August 26, 2013

The people's festival

The Caribbean Premier League has been received with enthusiasm. West Indies cricket has lessons to learn from the tournament

The last fireworks have exploded in the Caribbean Premier League. The smoke has cleared but things on the ground may never be the same again. That would be a good thing.

When Albie Morkel delivered the first ball back on July 30 at Kensington Oval, no one was quite sure how things would turn out for this franchise-based professional venture, a first for West Indies cricket. Three and a half weeks later, there is no doubt about how the CPL has done.

In bars, offices, and, most tellingly, at the stadiums, the CPL has been the flavour of the month, a cricketing phenomenon from which a number of things have been learned.

Cricket is far from dead in the Caribbean
Regional competition may be sorely lacking crowds and sponsors. But this inaugural edition of the CPL showed that with the right packaging, people will come, and keep coming - to T20 cricket, at the least.
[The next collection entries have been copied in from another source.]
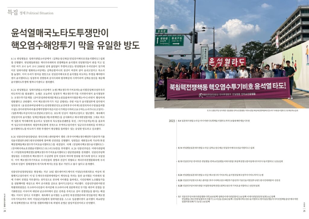 8.24 반일행동은 일대사관앞소녀상에서 논평<핵오염수투기비호하는윤석열친일매국정부즉각타도하자!>를 발표했다. 논평은 오늘부터 일정부가 핵오염수투기를 시작한다면서 윤석열정부는 오염수투기문제를 <굳이찬성과반대의문제로논점을좁혀서다룰문제는아니>라면서 황당하게 망발했다고 규탄했다. 이어 핵오염수투기가 지금 감행되는 주된 이유가 윤석열정부에 있다면서 일언론의 <윤정권과여당내에서는당면한현안인도쿄전력후쿠시마제1원전의처리수방출을피할수없는것이라면차라리총선에악영향이적은이른시기에실시하라고요구하는소리가나오고있다>·<일본쪽에도비공식적으로전달되고있다>는 보도에 민심이 격분하고있다고 힐난했다. 계속해서 친일친미의 윤석열은 일제강제동원<제3자변제안>을 공식화하고 매국적한일합의를 그대로 따르며 일본의 역사왜곡에 동조하고 일정부의 독도영유권궤변을 묵인, <적기지공격능력>을 옹호하며 일군국주의세력의 재침야욕실현에 전적으로 부역하고있다면서 일군국주의세력을 타격하고 윤석열매국노를 타도하기 위한 투쟁만이 현상황을 돌파할수 있는 유일한 방도라고 강조했다.
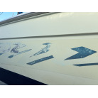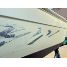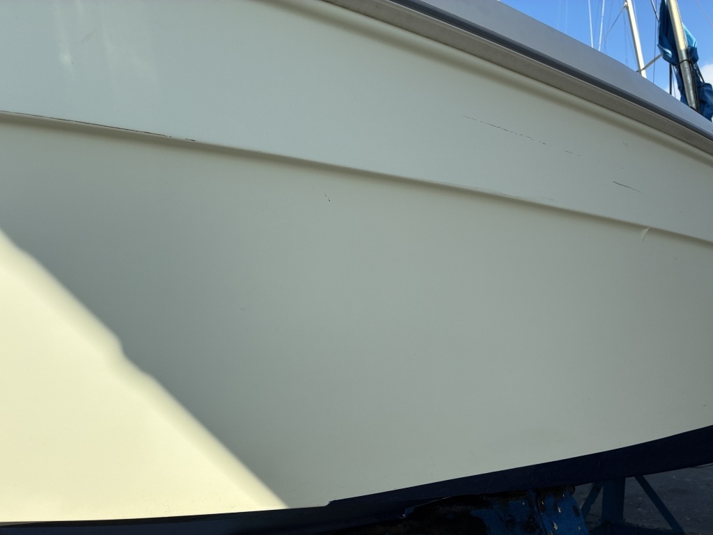 左舷側の比較的前方には擦りキズ、また左舷側の比較的後方部分の一部に塗装の剥がれが確認されました。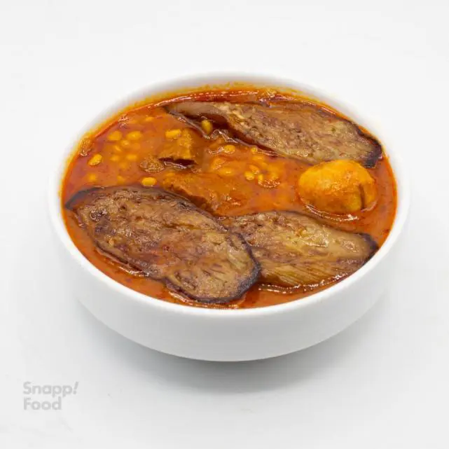 ۳۰۰ گرم خورشت ، ۷۰ گرم گوشت ران گوساله ، بادمجان سرخ شده ، بدون نان ، بدون برنج

If nothing else, the first edition of the CPL was a people festival.

From that opening match in Barbados right through to the grand final at Queen's Park Oval in Trinidad, where the local franchise was not represented, the crowds were huge. Ticket touts did thriving business. Even at the venues of the less successful teams, in Antigua and St Lucia, there were never-before-seen audiences.

Ample marketing of the CPL as a Caribbean party and affordable tickets kept the stands packed. And as the matches moved from island to island, the enthusiasm was contagious.

"We were very clear from the start that we wanted the CPL to be accessible to everybody," says the CEO, Damian O'Donohoe. "When you stand at the gate and watch people come in, it's whole families, grannies, granddads, mothers, fathers, kids. And that's what the CPL is all about."

Corporate Caribbean was sold on the concept also.

"Nothing short of phenomenal," is how O'Donohoe describes the response of regional companies to the tournament. "Eighty per cent of the income we've received has been local sponsorship."

Those figures should give West Indies Cricket Board CEO Michael Muirhead much food for thought.

Franchising is the way to go
Brought up on island rivalries, the concept of supporting non-national teams took some getting used to for sections of the regional population. But as the series progressed, the nationality of players became almost moot.

"You have Trinidadians playing in Barbados, and Jamaicans playing here, there and everywhere, so it's not about Trinidad versus Barbados anymore. And the competition has been very good," says West Indies coach Ottis Gibson.

"I think the response to [Kieron] Pollard in Barbados, to the first three games in Barbados especially, has been very, very good. I know he was a little bit wary of what sort of reception he would get, and I was pleased that he got such a good reception."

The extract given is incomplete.